Beginning in least in the 1870s and picking up academic steam in the 1890s, culture historians and scholars from the new discipline of anthropology began to take seriously the task of documenting what they believed, often quite correctly, to be the death or imminent death of ancient traditions, languages, and traditional knowledge.  In the case of studies of the native people of California and Arizona the men and women who hoped to capture the waning knowledge and wisdom of the regions First People came from disparate backgrounds and social classes, and brought with them a variety of motives for their research.

There is no reason to try and place the mantle of who was the first “true” anthropological scholar to study the native people of southern California and Arizona.  What is important is that there was a fluorescence of anthropologists conducting field work in southern California and Arizona beginning in the 1880s.
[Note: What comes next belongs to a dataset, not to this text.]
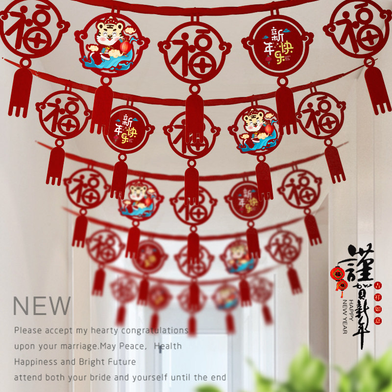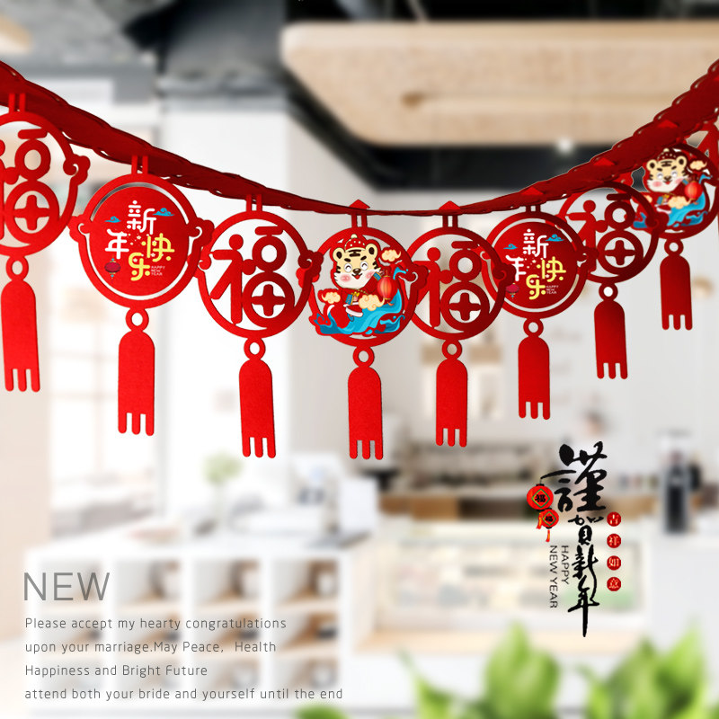 2022 Spring Festival tiger New Year's New Year's New Year's Day supplies arranged three-dimensional printed laflower hanging decoration Creative shop mall decoration

In the discussion that follows the major scholars who have contributed to our knowledge of the native peoples within the study are given their own discussion while other important scholars are discussed in a more general sense.

One of the first persons to study the Mohave and then to publish his findings in 1889 was John G. Bourne who provided the rather pretentious title, “Notes on the Cosmogony and Theogony of the Mohave Indians of the Rio Colorado, Arizona.”  As was typical of the times, the article framed the Mohave beliefs as “exotic” and “strange” with little comment or analysis.  Consistent with the time period many of these early studies as well as those of the early twentieth century had a common theme of describing and differentiating “races” of people.
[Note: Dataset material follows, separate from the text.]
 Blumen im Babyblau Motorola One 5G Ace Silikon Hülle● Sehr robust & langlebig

The debt that scholars world-wide, but especially American researchers owe to Franz Boas and his school of “Historical Particularism” cannot truly be reckoned. Boas and his many ardent followers sought to move anthropology, or at least cultural anthropology, away from the sweeping generalizations and all-encompassing ethnologies of past research.  Further, Boas and his followers rejected the views that non-European peoples were intrinsically “primitive” or “backward” as suggested by E. B. Tylor and his unilineal evolutionary theories.  Instead Boas and others sought to investigate and document native cultures within the context of the culture being studied.  These men and women of the early twentieth century were as Harry Lawton called them, “…the first generation of university-trained anthropologists….”  No doubt the British functionalist Bronislaw Malinowski with his views that fieldwork should be conducted with the perspective of the indigenous people in the forefront also affected American and California anthropologists. Certainly the ideas of both Boas and Malinowski were not far from the mind and actions of Alfred L. Kroeber, if not all of his colleagues.

Alfred L. Kroeber

Clearly one of the most influential scholars in California was Alfred Kroeber and the Boasian Approach heavily influenced Kroeber and by extension, Kroeber’s many students.  Kroeber studied anthropology under Boas at Columbia University and took his PhD. there in 1901 at the age of twenty-five receiving the first doctoral degree in that subject.  He subsequently became a Professor of Anthropology at the fledgling Department of Anthropology at the University of California, Berkeley and also directed the University Of California Museum Of Anthropology (now the Phoebe A. Hearst Museum).  From his earliest work and well into the 1940s Kroeber favored ethnography and ethnology over archaeology.  It was as if he saw native cultures literally dying before his eyes and understood that the shell middens and archaeological deposits could wait.

Kroeber’s first major contributions to our understanding of the tribes within the study area began with his field work in the first decades of the twentieth century.  His Yuman Tribes of the Lower Colorado River that was published in 1920 served as a basis for much of the research that followed.  Kroeber was also instrumental in establishing the University of California, Berkeley Publications in American Archaeology and Ethnology which published important articles on the desert tribes and Colorado River people for more than 60 years from its inception in 1903.  The influence of Kroeber extended well beyond his own field studies and research.  Over more than three decades Kroeber served as mentor and advisor to many of the anthropologists of this era (1915-1945) including, in varying degrees, Harrington, Strong, Devereux, and Barrows.  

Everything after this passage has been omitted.